Advanced Network Telemetry for AI-Driven Network Optimization in Ultra Ethernet and InfiniBand Interconnects
Main Article Content
Abstract
The sheer proliferation of terascale artificial intelligence (AI) workloads (in disk drive, Hadoop and NoSQL) like distributed deep learning, model inference pipelines, has put unprecedented pressure on data center interconnects. As part of capturing these demands, there is a rampant use of high-performance network technologies such as the Ultra Ethernet, and the InfiniBand in modern infrastructures with ultra-low latency and high bandwidth. But conventional telemetry systems do not have the density and real-time sensitivity to best tune network dynamics with such loads. The topic of the paper at hand is the development of advanced network telemetry and AI-based optimization in order to improve performance, identify anomalies, and mitigate congestion in high-speed interconnects. Our architecture is inspired by telemetry and is based on programmable data planes, in-band telemetry and high bandwidth monitoring engines that use to emit highly granular, low-latency data streams.
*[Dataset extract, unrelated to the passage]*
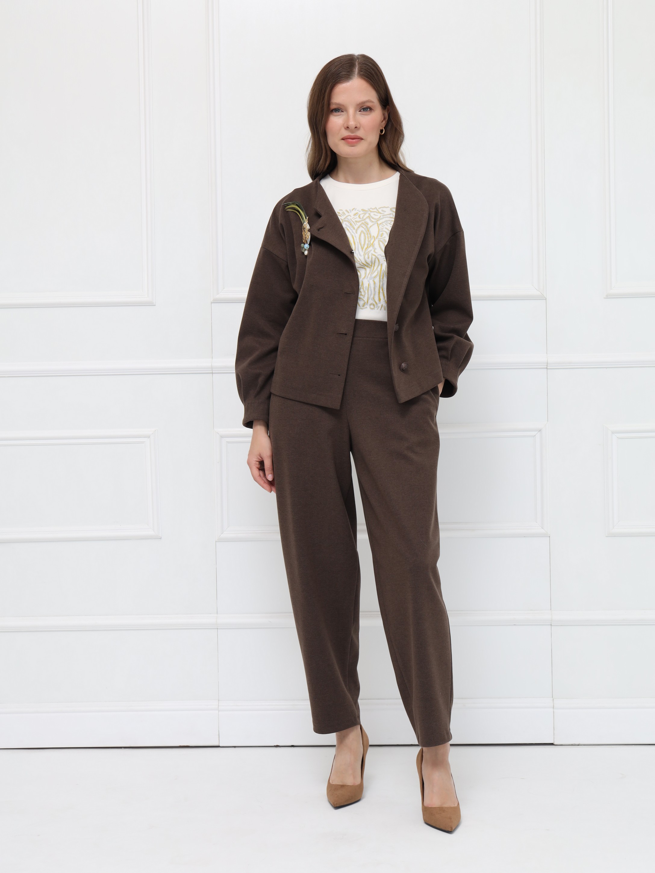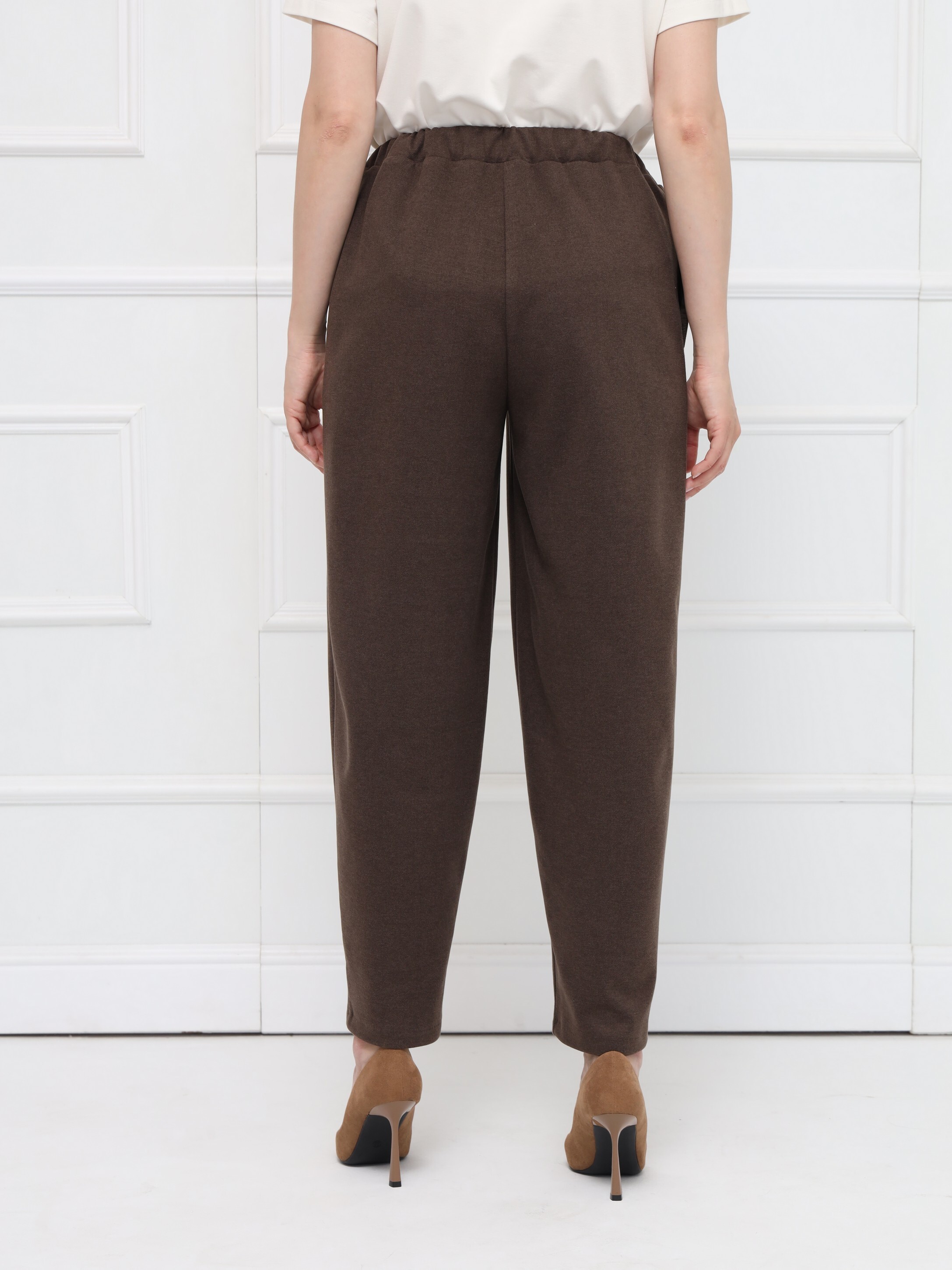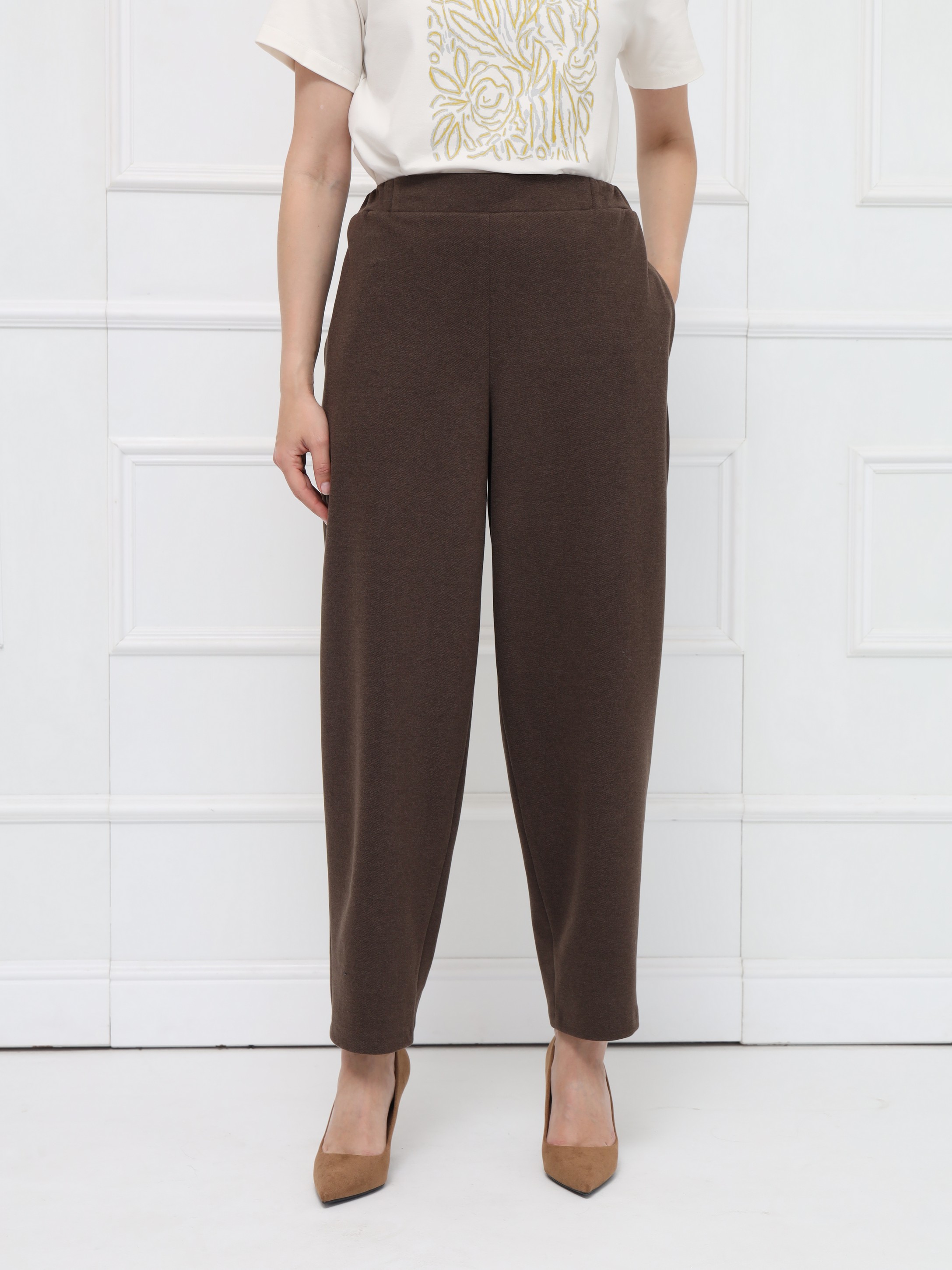 Брюки-карроты из плотного коричневого трикотажа — мягкие, тёплые и немнущиеся. Силуэт с объёмом в верхней части и заужением книзу, визуально вытягивает ноги и подчёркивает талию. Свободная посадка и широкий пояс с эластичной резинкой по спинке обеспечивают комфорт в течение дня. Скрытые карманы в боковых швах — лаконичное и практичное решение.

The streams are passed through AI/ML models, such as unsupervised anomaly detectors, predictive congestion algorithms, to dynamically adjust routing and resource allocation. Our findings indicate that this method works well in enhancing usage of communications networks, latency and pro-active management of network health. The paper advances a scalable design of a real-time intelligent network management in next-generation AI systems, and proposes a set of factors it would be necessary to consider in future studies along the telemetry-AI-high-speed networking nexus.